Lesson 2 · Core objects & the control plane

Cluster architecture

Who runs the control loop, and who runs your containers — the control plane vs the nodes.

Your win: name the control-plane components (api-server, etcd, scheduler, controller-manager) and the node components (kubelet, kube-proxy, runtime), and say what each one does — a guaranteed CKA/interview question.

Two halves of a cluster

A Kubernetes cluster splits into the control plane (the brain — makes decisions) and the nodes (the muscle — run your Pods).1

CONTROL PLANE (the brain) NODES (the muscle) ┌────────────────────────────────┐ ┌──────────────────────────┐ │ kube-apiserver ◄── kubectl │ │ kubelet kube-proxy │ │ │ │◄──────►│ │ │ │ etcd (state) │ │ containerd → your Pods │ │ scheduler controller-manager │ └──────────────────────────┘ └────────────────────────────────┘ ┌──────────────────────────┐ │ kubelet … more nodes … │ └──────────────────────────┘

Control plane — the brain

ComponentJob
kube-apiserverthe front door — the only component that reads/writes cluster state. Everything (kubectl, controllers, kubelets) talks through it.
etcda consistent, highly-available key-value store holding all cluster state. The api-server is its only client.
kube-schedulerwatches for Pods with no node assigned and picks a suitable node for each (resources, affinity, taints — Lesson 10).
kube-controller-managerruns the controllers — the reconcile loops from Lesson 1 (Deployment, ReplicaSet, node, …).
The mental picture The api-server is the hub; etcd is its memory. Controllers and the scheduler don't talk to each other or to nodes directly — they watch the api-server for changes and write back through it. That single choke-point is why RBAC (Lesson 12) can secure the whole cluster: control one door.

Nodes — the muscle

ComponentJob
kubeletthe node agent: takes the Pods assigned to its node, tells the runtime to start their containers, runs the probes (Lesson 8), and reports status back to the api-server.
kube-proxyprograms the node's networking so traffic to a Service reaches the right Pods (Lesson 5).
container runtimecontainerd (or similar) — actually runs the containers. The OCI runtime from Course 1.
Anchor — you've been talking to these all along When Course 1's sk.bash ran kubectl rollout restart deploy/bob, that request hit the api-server, which updated the Deployment in etcd; the controller-manager rolled a new ReplicaSet, the scheduler placed the new Pods, and each node's kubelet started them and ran the grpc_health_probe readiness check (deployments/helm/libs/util/templates/_workload_containers.tpl:92). Your kind cluster (Course 1 L6) runs this whole control plane inside Docker containers.
Managed vs self-run In prod this repo runs on GKE (Course 7), where Google operates the control plane for you — you only manage nodes and workloads.
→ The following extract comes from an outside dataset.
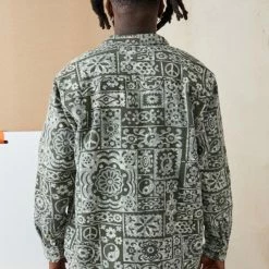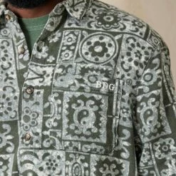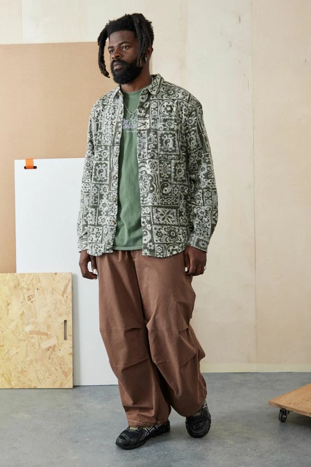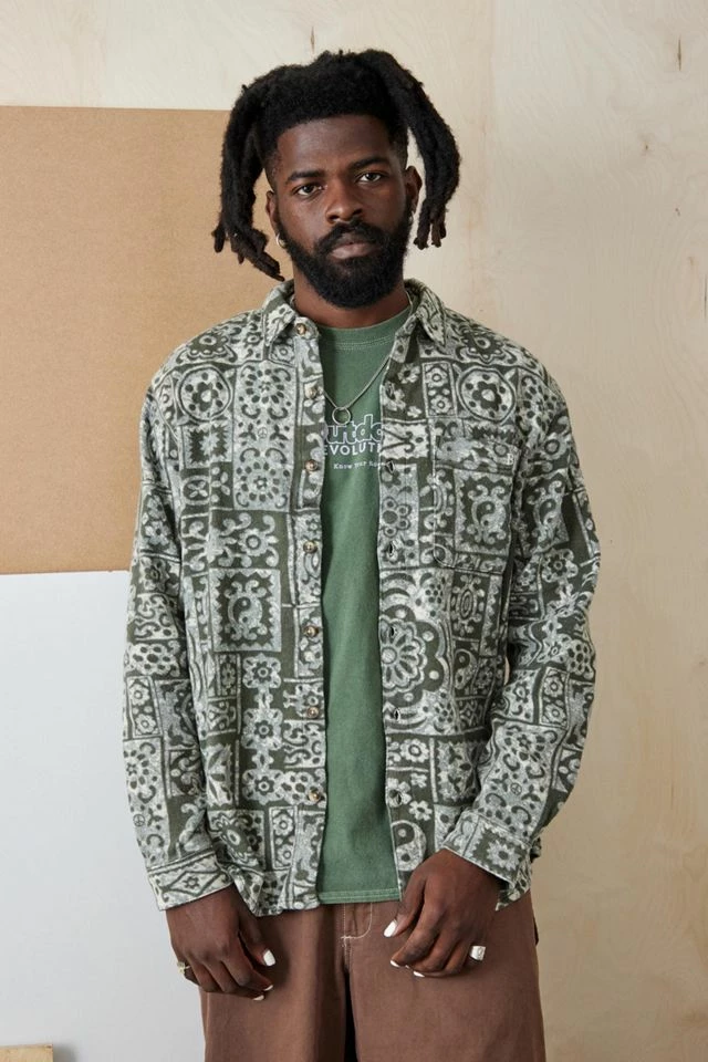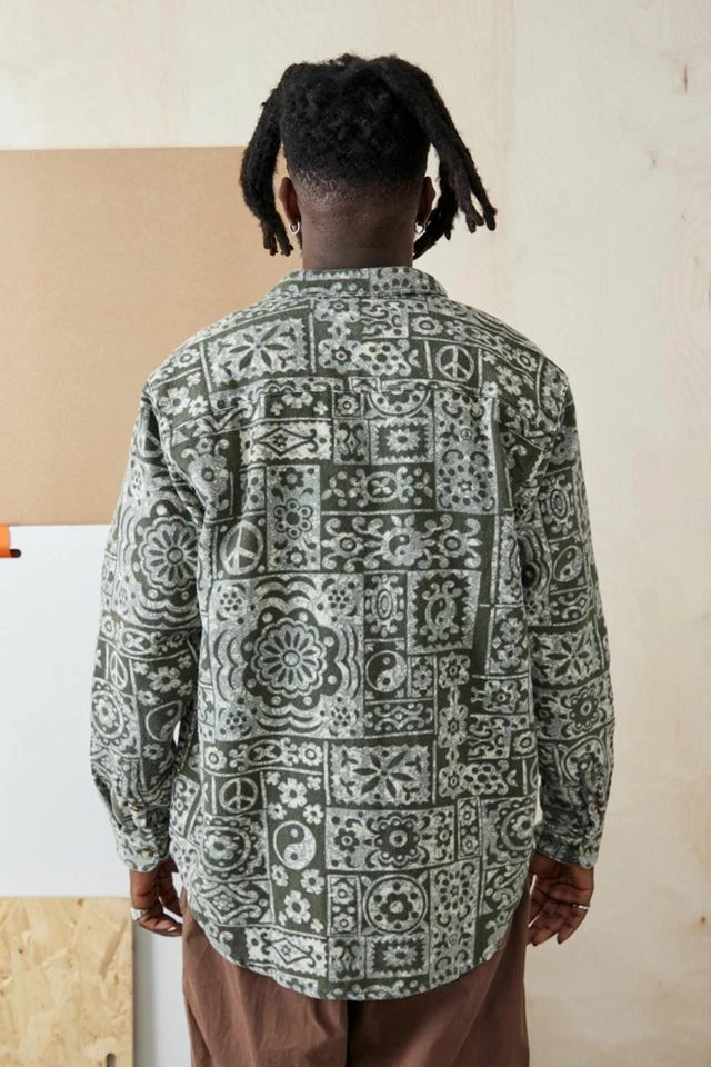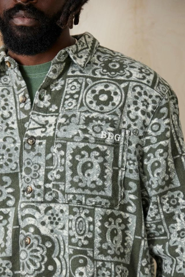 Update your wardrobe with this block print shirt by BDG. Features a spread collar, button-through placket, drop shoulders, long sleeves with button-up cuffs and a breast pocket. Complete with an embroidered logo to chest. Only at UO.
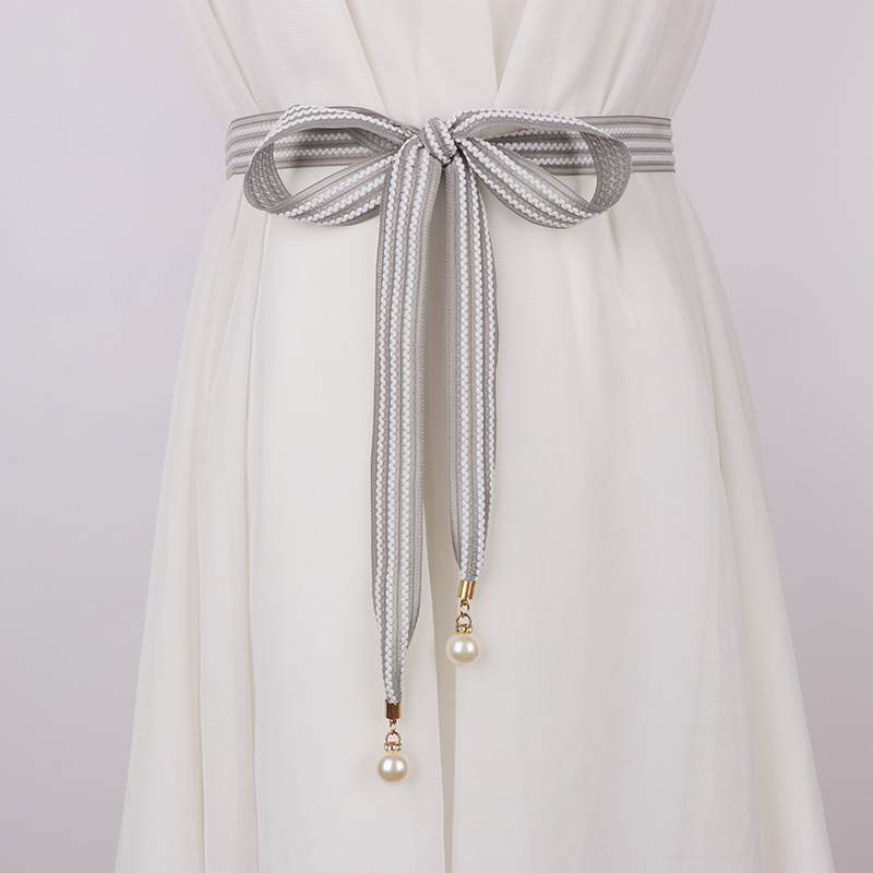 打结简约布腰带吊坠装饰百搭连衣裙子女士绑带蝴蝶结黑色系带腰绳

Locally, kind gives you the full thing on your laptop. Either way the components are the same; that's why the cert tests them.
Read this next

Kubernetes docs — Cluster architecture & components

The canonical diagram and one-line role for each component. Memorise this page for the CKA.

kubernetes.io — Cluster Architecture
kubernetes.io — Components

Check yourself (from memory)

Q1. The only component that reads/writes cluster state is…
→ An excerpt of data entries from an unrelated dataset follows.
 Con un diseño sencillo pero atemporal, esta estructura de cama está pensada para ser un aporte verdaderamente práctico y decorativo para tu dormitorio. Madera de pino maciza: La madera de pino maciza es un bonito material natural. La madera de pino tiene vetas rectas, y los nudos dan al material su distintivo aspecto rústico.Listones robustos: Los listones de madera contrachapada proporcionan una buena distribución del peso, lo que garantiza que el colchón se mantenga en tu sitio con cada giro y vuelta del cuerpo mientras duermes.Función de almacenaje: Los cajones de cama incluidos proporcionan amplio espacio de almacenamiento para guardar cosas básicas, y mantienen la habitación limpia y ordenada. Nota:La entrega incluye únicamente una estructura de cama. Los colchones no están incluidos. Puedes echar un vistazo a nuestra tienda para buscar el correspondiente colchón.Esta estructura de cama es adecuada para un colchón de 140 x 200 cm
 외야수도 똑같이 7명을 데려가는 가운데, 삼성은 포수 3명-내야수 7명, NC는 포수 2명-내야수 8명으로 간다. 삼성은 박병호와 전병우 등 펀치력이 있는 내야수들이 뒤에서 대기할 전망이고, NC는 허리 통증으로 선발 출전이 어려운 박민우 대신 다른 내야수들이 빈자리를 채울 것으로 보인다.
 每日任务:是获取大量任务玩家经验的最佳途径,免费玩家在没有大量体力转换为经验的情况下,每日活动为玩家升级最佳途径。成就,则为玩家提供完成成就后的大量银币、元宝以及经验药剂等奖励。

The api-server is the hub; it's etcd's only client, and everything else talks through it.

Q2. Which component runs on each node and starts its Pods?

The kubelet takes its node's assigned Pods, drives the runtime, runs probes, and reports status.

Q3. Deciding which node a new Pod runs on is the job of…

The scheduler watches for unassigned Pods and binds each to a suitable node; the kubelet then runs it.
Name the control-plane and node components, one job each.
recall, then click to reveal
CONTROL PLANE (brain): kube-apiserver — the front door, only writer of state, everything talks through it; etcd — consistent key-value store of ALL cluster state; kube-scheduler — assigns unscheduled Pods to nodes; kube-controller-manager — runs the reconcile loops. NODES (muscle): kubelet — node agent, starts Pods, runs probes, reports status; kube-proxy — programs Service networking; container runtime (containerd) — actually runs the containers. Controllers/scheduler don't talk to nodes directly — they watch + write via the api-server. Repo: prod = GKE (managed CP), local = kind (full CP in Docker).
Want to know why etcd needs an odd number of members, or what "watch" means at the api level? Ask me.

1. Kubernetes — Cluster Architecture; Components.